(Entries shown begins)

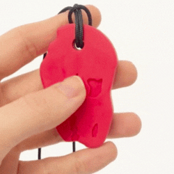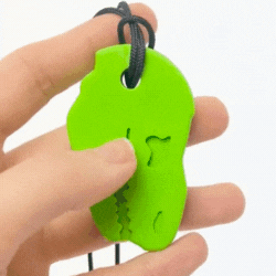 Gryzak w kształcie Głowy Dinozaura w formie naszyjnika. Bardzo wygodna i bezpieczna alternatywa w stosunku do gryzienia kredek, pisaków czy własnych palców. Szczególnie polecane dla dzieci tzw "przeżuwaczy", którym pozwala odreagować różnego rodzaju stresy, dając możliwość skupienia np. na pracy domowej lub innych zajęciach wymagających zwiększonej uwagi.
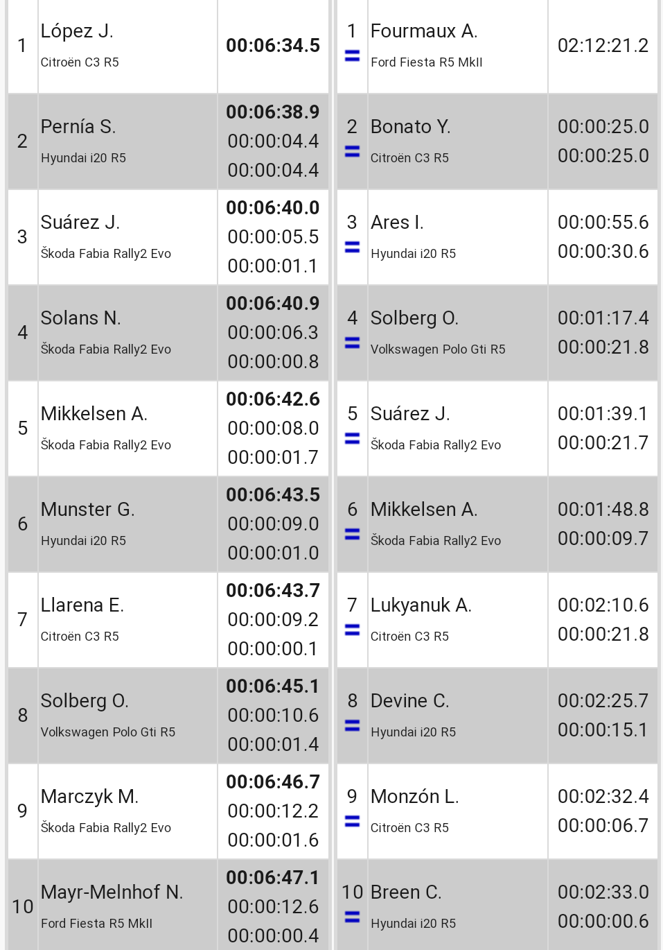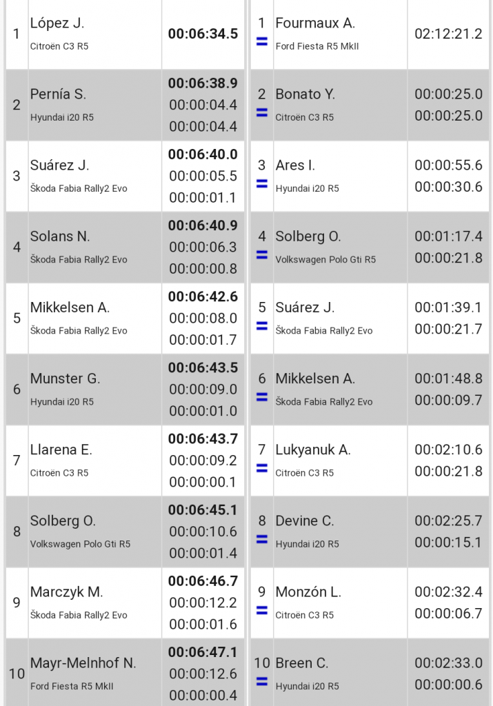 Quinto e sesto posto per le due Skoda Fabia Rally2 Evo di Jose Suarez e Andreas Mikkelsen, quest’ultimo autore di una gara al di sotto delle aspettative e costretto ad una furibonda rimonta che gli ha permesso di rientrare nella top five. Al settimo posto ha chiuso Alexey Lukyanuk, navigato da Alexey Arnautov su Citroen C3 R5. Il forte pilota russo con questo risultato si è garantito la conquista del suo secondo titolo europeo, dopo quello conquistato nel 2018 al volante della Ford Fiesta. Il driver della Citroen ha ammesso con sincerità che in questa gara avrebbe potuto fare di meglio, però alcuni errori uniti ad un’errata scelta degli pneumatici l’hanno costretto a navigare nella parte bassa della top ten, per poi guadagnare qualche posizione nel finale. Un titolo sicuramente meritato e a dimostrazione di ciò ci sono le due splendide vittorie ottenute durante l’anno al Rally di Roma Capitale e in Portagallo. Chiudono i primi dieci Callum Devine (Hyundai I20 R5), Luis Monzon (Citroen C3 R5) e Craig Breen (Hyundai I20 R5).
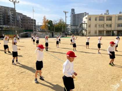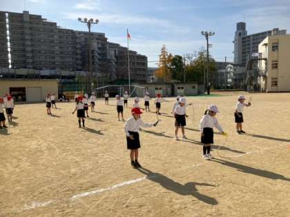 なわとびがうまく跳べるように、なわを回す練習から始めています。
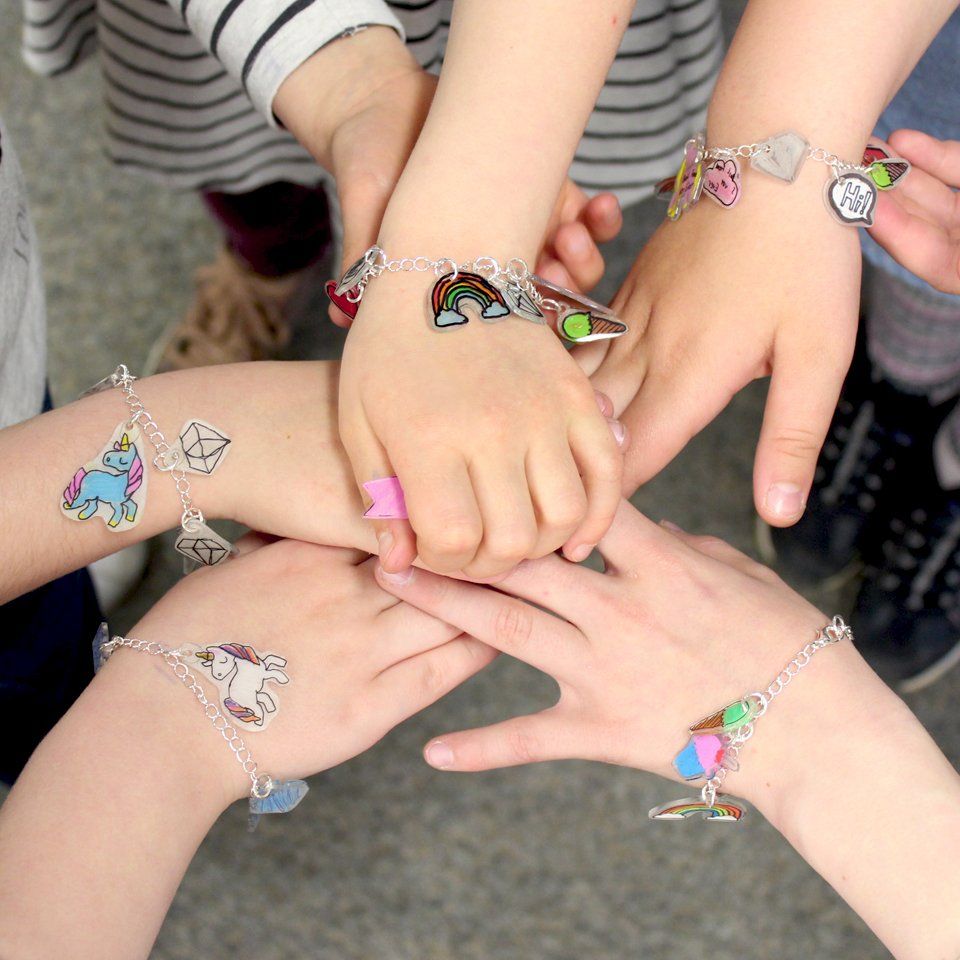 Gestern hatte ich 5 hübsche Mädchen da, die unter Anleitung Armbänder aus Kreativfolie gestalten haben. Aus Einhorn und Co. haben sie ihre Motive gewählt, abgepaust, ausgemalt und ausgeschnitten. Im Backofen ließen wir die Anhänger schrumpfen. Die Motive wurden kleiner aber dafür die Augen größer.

(Entries shown ends)
(Entries shown begins)

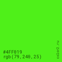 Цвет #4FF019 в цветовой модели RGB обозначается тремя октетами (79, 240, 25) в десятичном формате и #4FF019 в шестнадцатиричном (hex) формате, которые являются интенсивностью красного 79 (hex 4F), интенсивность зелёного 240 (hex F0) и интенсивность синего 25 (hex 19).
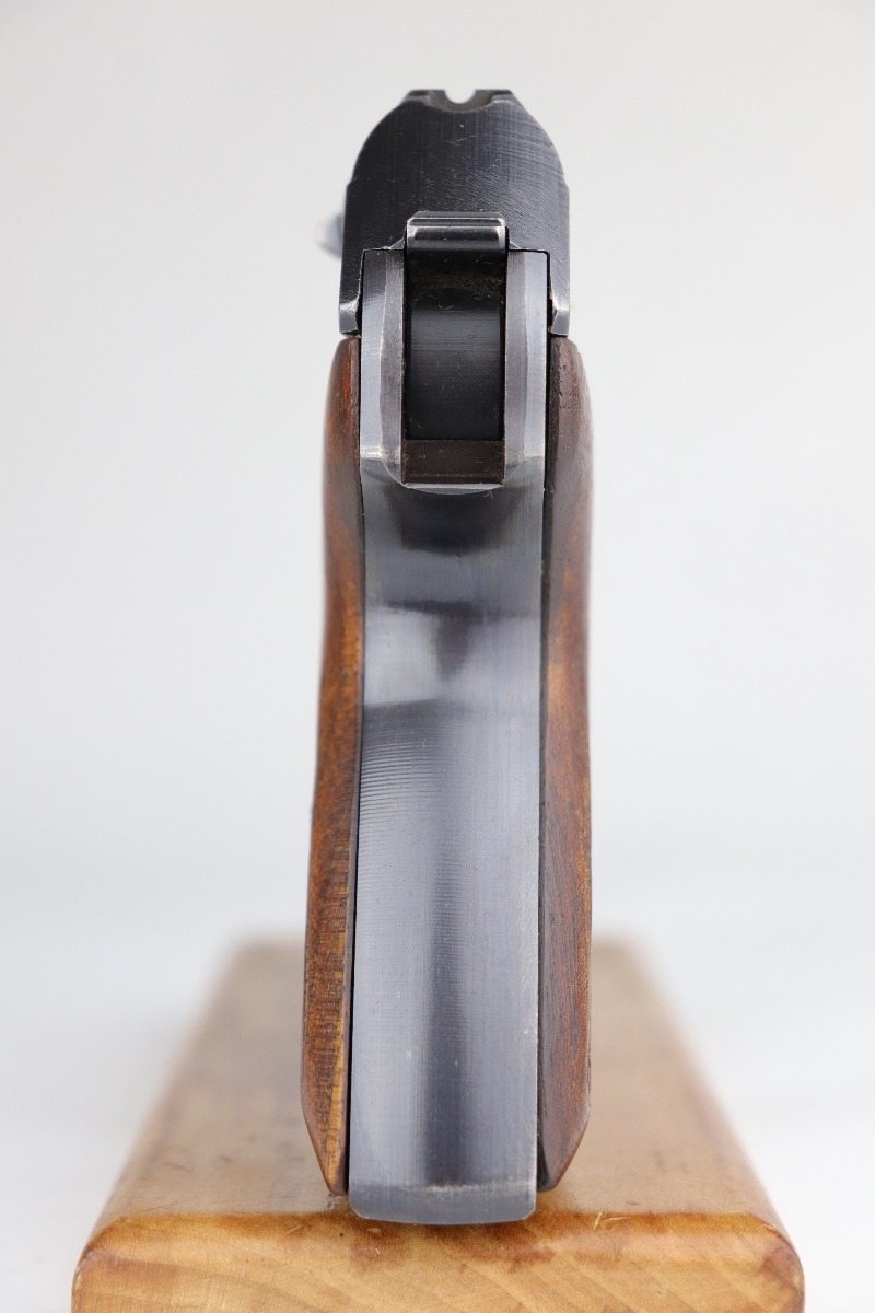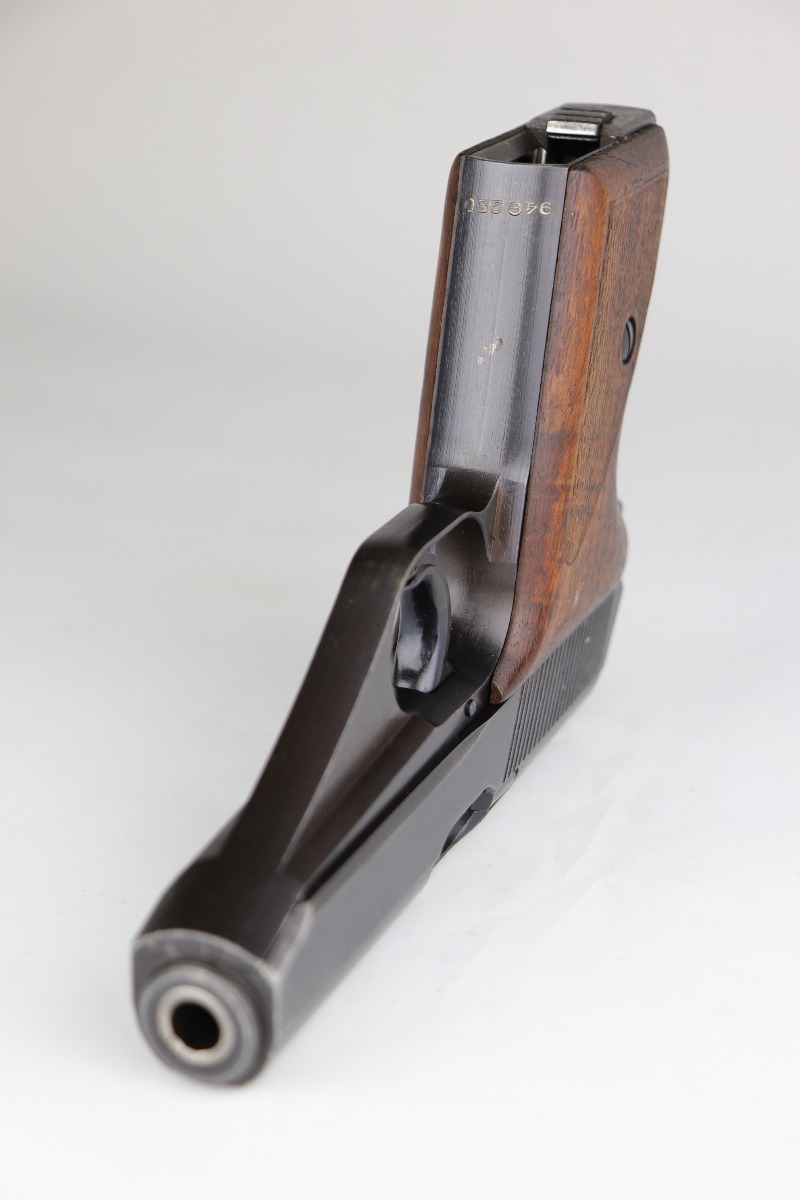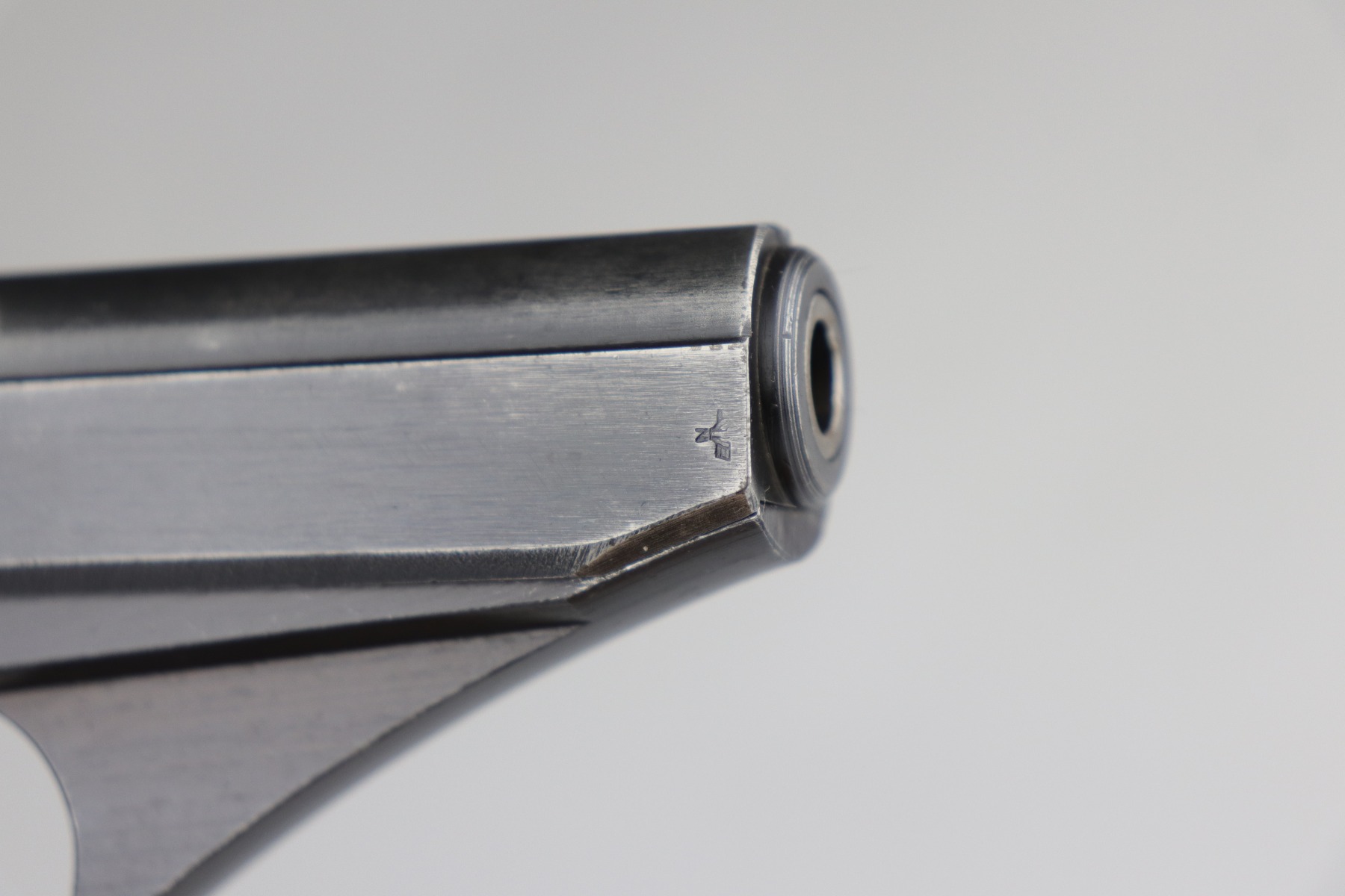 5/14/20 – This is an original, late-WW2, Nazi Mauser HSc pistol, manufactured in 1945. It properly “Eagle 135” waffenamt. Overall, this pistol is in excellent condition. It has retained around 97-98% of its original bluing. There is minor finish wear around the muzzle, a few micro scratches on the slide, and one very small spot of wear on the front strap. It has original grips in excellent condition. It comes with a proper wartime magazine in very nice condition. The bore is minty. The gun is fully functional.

(Entries shown ends)
(Entries shown begins)

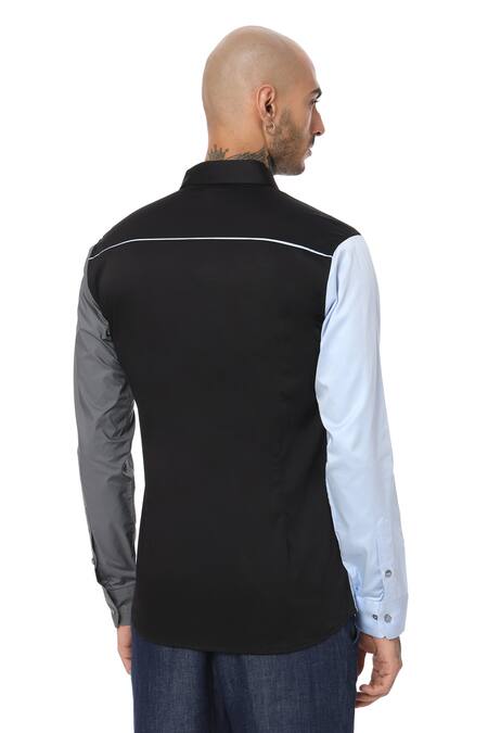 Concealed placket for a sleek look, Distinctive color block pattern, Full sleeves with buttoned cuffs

(Entries shown ends)

**Directions**
Go to the line above that contains "Цвет #4FF019 в" and reproduce everything exactly from there through the line that contains "5/14/20 – This", leaving out the pictures.

**Reply**
 Цвет #4FF019 в цветовой модели RGB обозначается тремя октетами (79, 240, 25) в десятичном формате и #4FF019 в шестнадцатиричном (hex) формате, которые являются интенсивностью красного 79 (hex 4F), интенсивность зелёного 240 (hex F0) и интенсивность синего 25 (hex 19).
 5/14/20 – This is an original, late-WW2, Nazi Mauser HSc pistol, manufactured in 1945. It properly “Eagle 135” waffenamt. Overall, this pistol is in excellent condition. It has retained around 97-98% of its original bluing. There is minor finish wear around the muzzle, a few micro scratches on the slide, and one very small spot of wear on the front strap. It has original grips in excellent condition. It comes with a proper wartime magazine in very nice condition. The bore is minty. The gun is fully functional.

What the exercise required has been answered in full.